Para Francia y Estados Unidos la intervención en Libia ha sido también un cierto lavado de cara después de su dudoso comportamiento con Túnez y Egipto. Ben Ali y Mubarak consiguieron consolidar e incluso prolongar sus dictaduras gracias, respectivamente, a las complicidades, en algunos casos con corrupción económica incluida, con políticos y gobernantes franceses, y a los intereses geoestratégicos de Estados Unidos e Israel en la estabilidad del entorno inmediato del canal de Suez, el Sinaí y la franja de Gaza.
Las dificultades y los virajes ante la primavera árabe son solo un reflejo del desorden del mundo. El cambio afecta a todos, incluso a los países democráticos y a las relaciones de vecindad entre las distintas potencias de la zona. Estados Unidos ya no está al mando, pero tampoco hay sustitutos. El secretario de Defensa saliente, Robert Gates, ha puesto dramáticamente el dedo en la llaga a propósito de los ataques de la OTAN contra el coronel Gadafi: si los europeos no se comprometen en su seguridad, el futuro de la Alianza está en peligro. Nunca las relaciones transatlánticas habían llegado a un punto más bajo.

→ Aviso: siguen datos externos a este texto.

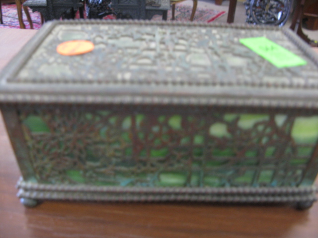 Tiffany and Company bronze and green slag glass box, top glass broken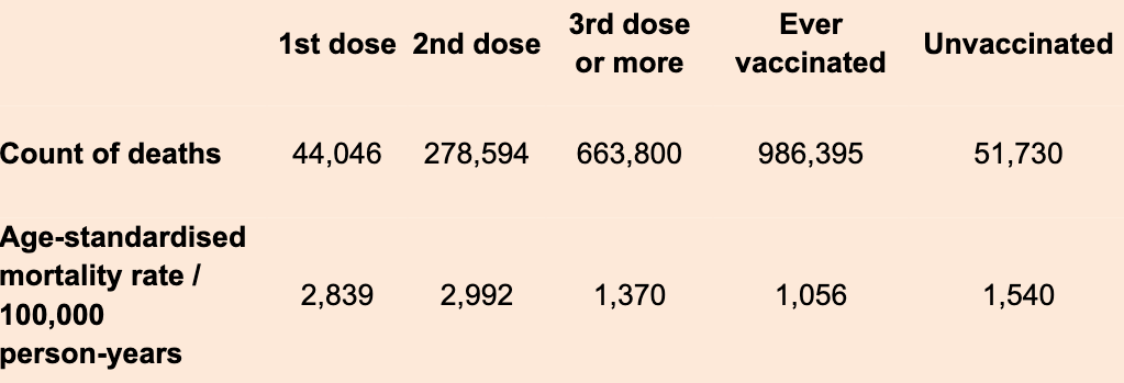 There’s something odd about these data: the age-standardised mortality rate per 100,000 person-years is higher for the first and second dose, but then the third dose or more drags it down – particularly the fourth dose looks like it does.

A la salida del sueño del mundo gobernado multilateralmente sucedió el espejismo del planeta unipolar que debía calificar como definitivamente americano al siglo XXI. Pero el estallido multipolar que corona el primer decenio del siglo se está convirtiendo en la pesadilla de una globalidad volcánica, sin modelos ni dirección, en manos de los mercados y de la comunicación viral. En el mejor de los casos, un G-2, es decir, el mundo gobernado por dos, China y Estados Unidos. Y en el peor, en expresión de los expertos Ian Bremmer y David Gordon, un G-0, la silla del conductor vacía.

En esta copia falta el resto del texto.